Task to carry out: Copy the material below verbatim from the line with "Lady Million de" to the line with "A ribbed maternity", both lines included, omitting pictures and every line outside that range.

Records to process:
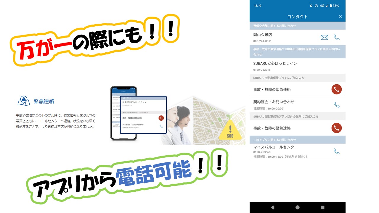また、事故の際の緊急連絡先などカーライフを安全に愉しく過ごして頂くため
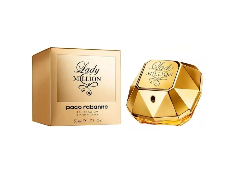 Lady Million de Paco Rabanne es una fragancia de la familia olfativa Floral Frutal para Mujeres. Las Notas de Salida son frambuesa, neroli y limón de Amalfi (lima de Amalfi); las Notas de Corazón son jazmín, flor del naranjo africano y gardenia; las Notas de Fondo son miel blanca, pachulí y ámbar.
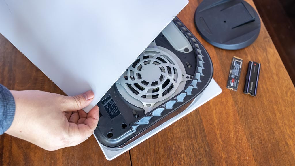 You’ll need to get inside your PS5 (don’t worry, this won’t void your warranty), which means removing the console from the stand and taking off the default white faceplate on the rear side (without the PlayStation logo).
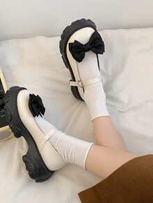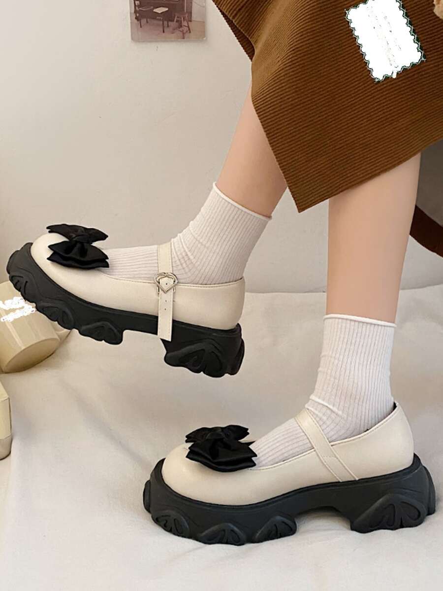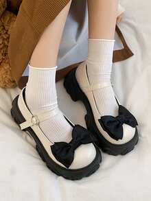 Preppy Blanc Babies Pour Femme , À Nœud Papillon Plate-Forme Chaussures
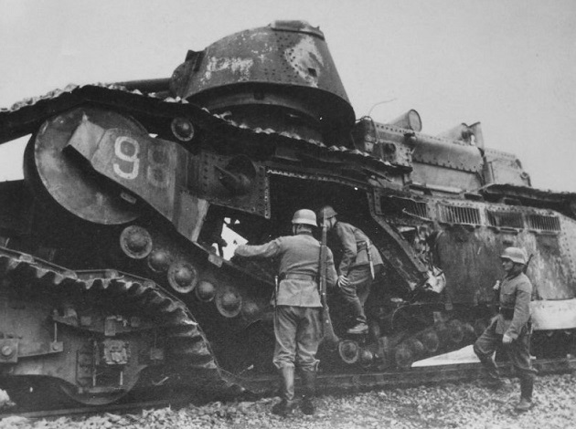 The German standing on top of the left track appears to be examining a spent 75mm shell. Although they were not used in combat, the French probably did test fire the 75mm guns.
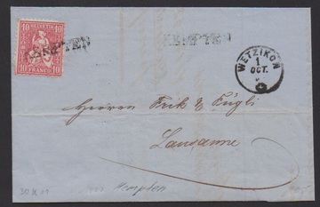 "Kempten", L1 nebst K1 "Wetzikon" auf Brief 10 C. rosa 1867 (30)
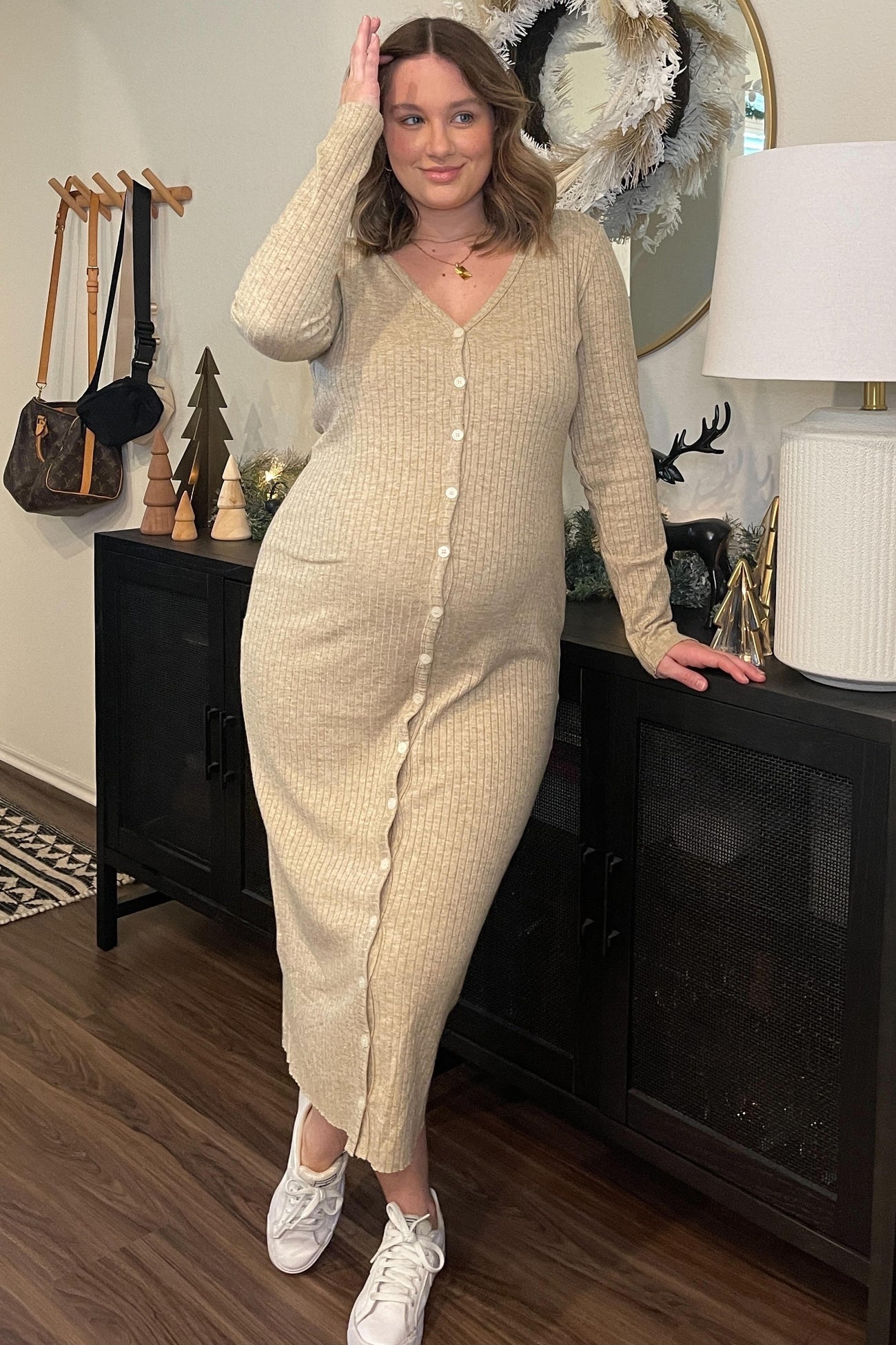 A ribbed maternity midi cardigan dress featuring front buttons, long sleeves and a v-neckline.
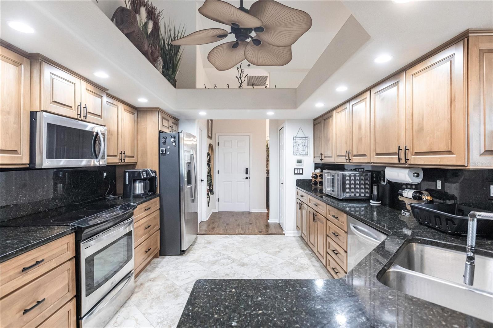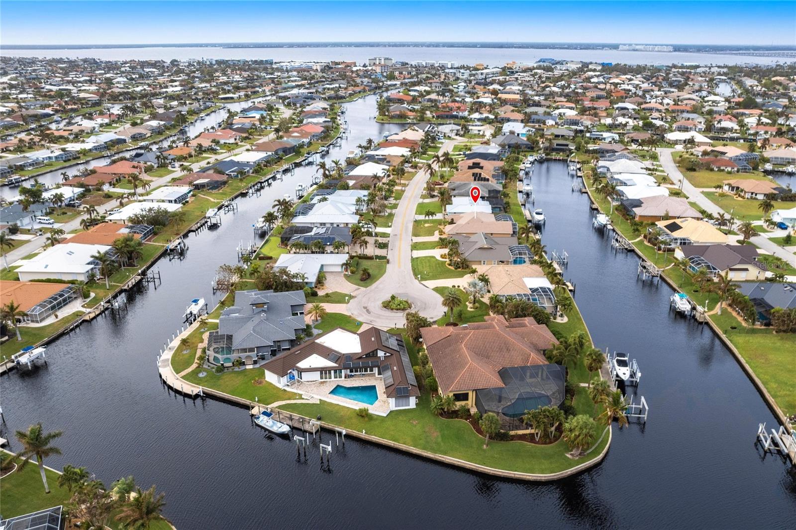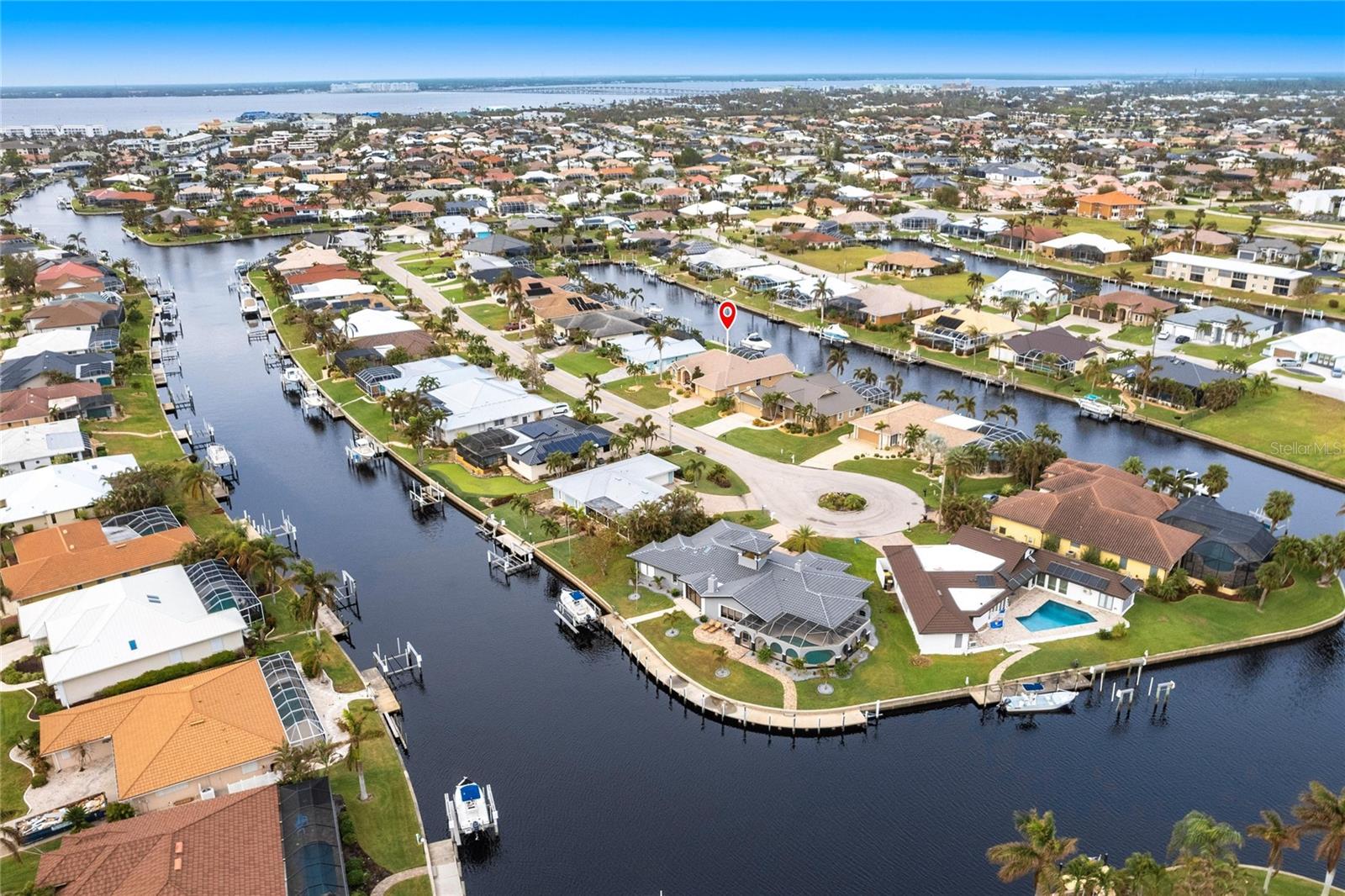 This spectacular home is a boater’s dream! This sailboat-access, waterfront, handicap-accessible pool home with 3 bedrooms and 2 baths offers direct access to beautiful Charlotte Harbor and the Gulf of Mexico. Bring your boat! With a concrete dock, city-maintained seawall, and 77 feet of water frontage, you’re just 10 minutes from open water. Designed to suit all ages, the home features a master bath equipped with grab bars, a comfort-height toilet with raised seat, and a doorless zero-entry shower. The garage includes a lift for wheelchair accessibility and ease of moving heavy items. A ramped lanai provides smooth entry, and a new pool lift offers effortless access in and out of the heated pool. The spacious guest suite accommodates a king-size bed, includes a walk-in closet, private bath also updated with new granite top vanity, hardware/fixtures and bonus room—ideal for a caregiver. With over 2,500 sq ft of living space, there’s room for everyone. Enjoy a living room, family room, dining area, large kitchen with casual dining, and lanai overlooking the water and pool. Invisible pocket sliders in the main living areas connect seamlessly to the lanai, blending indoor and outdoor living. Elegant touches include vaulted and tray ceilings, crown molding, tile and wood-look laminate flooring, accent walls, decorator lighting and fans, and a built-in entertainment center. The chef’s kitchen is a standout with rich wood cabinetry, closet pantry, stainless appliances (including wine fridge), stone countertops and backsplash, and an expansive breakfast bar that opens to the main living areas—perfect for entertaining. The casual dining area offers tranquil views of the pool and waterway, an ideal spot for morning coffee. Retreat to your luxurious master suite, complete with a versatile bonus room, private lanai access, two walk-in closets, and a beautifully updated en suite bath with a jetted soaking tub, walk-in shower, makeup vanity, new fixtures and hardware, and granite-topped wood cabinetry. The extended brick-paved lanai is perfect for relaxing and enjoying serene water views. Additional highlights include new whole-house storm protection, fencing, tile roof, irrigation system, and public water and sewer. Close to beaches, shopping, golf, dining, parks, trails, and boat ramps. Just minutes to historic downtown Punta Gorda and Fishermen’s Village. Quiet waterfront community with every convenience nearby. Claim your piece of Florida paradise!*PLEASE ENJOY THE 3D INTERACTIVE VIRTUAL TOUR ASSOCIATED WITH THIS LISTING
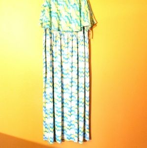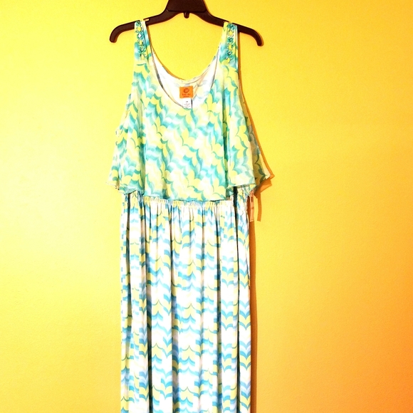 Dazzling baby blue, pastel yellow, and light green dress, very vibrant and youthful.

The answer:
 Lady Million de Paco Rabanne es una fragancia de la familia olfativa Floral Frutal para Mujeres. Las Notas de Salida son frambuesa, neroli y limón de Amalfi (lima de Amalfi); las Notas de Corazón son jazmín, flor del naranjo africano y gardenia; las Notas de Fondo son miel blanca, pachulí y ámbar.
 You’ll need to get inside your PS5 (don’t worry, this won’t void your warranty), which means removing the console from the stand and taking off the default white faceplate on the rear side (without the PlayStation logo).
 Preppy Blanc Babies Pour Femme , À Nœud Papillon Plate-Forme Chaussures
 The German standing on top of the left track appears to be examining a spent 75mm shell. Although they were not used in combat, the French probably did test fire the 75mm guns.
 "Kempten", L1 nebst K1 "Wetzikon" auf Brief 10 C. rosa 1867 (30)
 A ribbed maternity midi cardigan dress featuring front buttons, long sleeves and a v-neckline.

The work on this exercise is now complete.